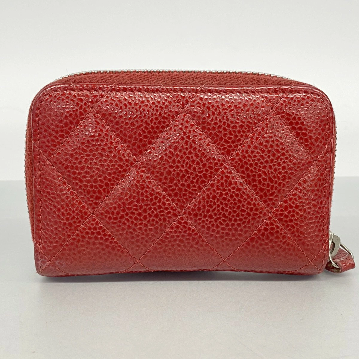 【5ob0687】シャネル コインケース マトラッセ キャビアスキン レッド シルバー金具【中古】レディース
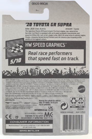 Toyota GR Supra HW de Hot Wheels '20 con gráficos de velocidad GRX20
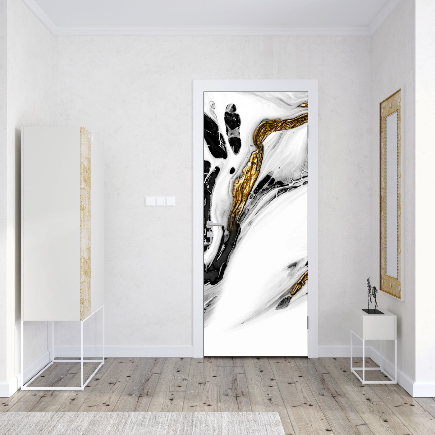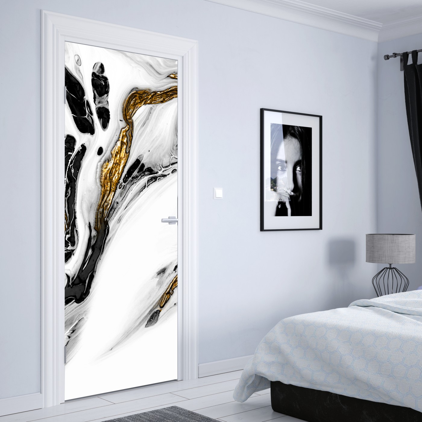 Türaufkleber Schwarz-weiße abstraktion mit goldenen adern

• [Requirement] Only text belongs in the copy: repeat each line of the data exactly and leave out the pictures.

• [Solution to this problem]
 【5ob0687】シャネル コインケース マトラッセ キャビアスキン レッド シルバー金具【中古】レディース
 Toyota GR Supra HW de Hot Wheels '20 con gráficos de velocidad GRX20
 Türaufkleber Schwarz-weiße abstraktion mit goldenen adern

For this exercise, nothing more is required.